Coronavirus has almost become the order of the day in mainstream media since it was first reported in Wuhan, China. The virus has pushed beyond the ground zero to infect countries almost in all continents. As a result, it’s not only the human health status that has been adversely affected but also the stock market at large, since it has experienced the worst sell-off in recent times. With the number of those infected and the death toll rising, the volatility on the stock market is expected to continue. However, the volatility and recession possibility are not gnarling at some stock markets. This includes internet based markets like Alibaba Group Holding Ltd (NYSE: BABA) and Tencent Holdings Ltd (HKG: 0700) in China, where there is minimal human contact. China has been not only being the ground zero, but it has also been the most negatively affected by the virus so far.
It has resulted in the country issuing strict measures to prevent further spread of the disease. As a result, in the past few weeks, there has been a slowdown in the number of newly reported cases in the country. With other countries fighting the high-rate spread of the virus and the growing number of covidiots, the debate on whether China is providing the correct information on infection rate remains unsolved.
Despite that, it has not stopped Alibaba (NYSE: BABA) and Tencent (OTC: TCEHY) from flourishing in these dark times.
Alibaba and Tencent Stocks amid Coronavirus
Before the outbreak of coronavirus, both Alibaba and Tencent recorded a steady rise in the quarterly net earnings.
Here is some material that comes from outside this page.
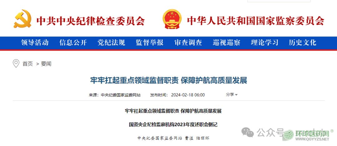 2月 18 日,據(jù)中央紀(jì)委國家監(jiān)委網(wǎng)站報道,日前,來自中央紀(jì)委國家監(jiān)委駐國務(wù)院國資委紀(jì)檢監(jiān)察組和 54 家中管企業(yè)紀(jì)檢監(jiān)察機構(gòu)的負(fù)責(zé)同志在中央紀(jì)委國家監(jiān)委機關(guān),集中利用一天時間,逐一對 2023 年度履職情況進行述職發(fā)言。

On one hand, Alibaba’s total revenue during the last quarter of 2019 increased by a whopping 38% to clinch on $23.2 billion. As a result, both adjusted and unadjusted earnings per share rose by nearly half.
On the other hand, Tencent’s total revenue for the same period rose by 25% to hit $15.1 billion. The earnings per share also rose by slightly above 50%. Other sectors of the company’s operation that rose included the advertising segment which grew by 19%, while the fintech segment rose by 39%.
However, a slowdown in the sales is expected due to the ongoing coronavirus outbreak and lockdown. During a recent announcement by Alibaba, it is expecting mixed results for the quarterly earnings. By February, travel bookings, retail and restaurant ordering went down significantly. On the greener side, the grocery shopping and delivery experienced a sharp uptick, so did the video chat services and digital communication tools.
A similar situation has been observed with Tencent which gave its earnings report on March 18. Although not figures to elaborate on the situation on the ground, the company expects the digital payments to be down. In addition, its cloud services are expected to hit the lows in sales. However, the digital entertainment and advertising sector are expected to rise in the coming quarters.
Both companies have invested heavily in the fight against coronavirus. Alibaba has presented its cloud-based coronavirus diagnostic tool to the European countries that have turned to be the epicenter of the virus. Tencent has invested in digital healthcare providing millions of Chinese a place to check in with doctors using social and video tools to combat coronavirus.
The Bigger Picture of the Chinese Market
As the world struggles to combat the coronavirus, China has outlined its goal to become a stabilizing force. This is expected to begin with its market and then venture into the global market, especially in the developing economies. After all, the virus will have made China a stronger economic state than before.
To help control the China stock and bond markets which are the second-largest in the world, Chen Yulu, the Vice Governor at the People’s Bank of China said that they are aiming at maintaining the financial market stability. This is because of the stability of the Chinese financial market means a significant portion of the stability of the global financial market.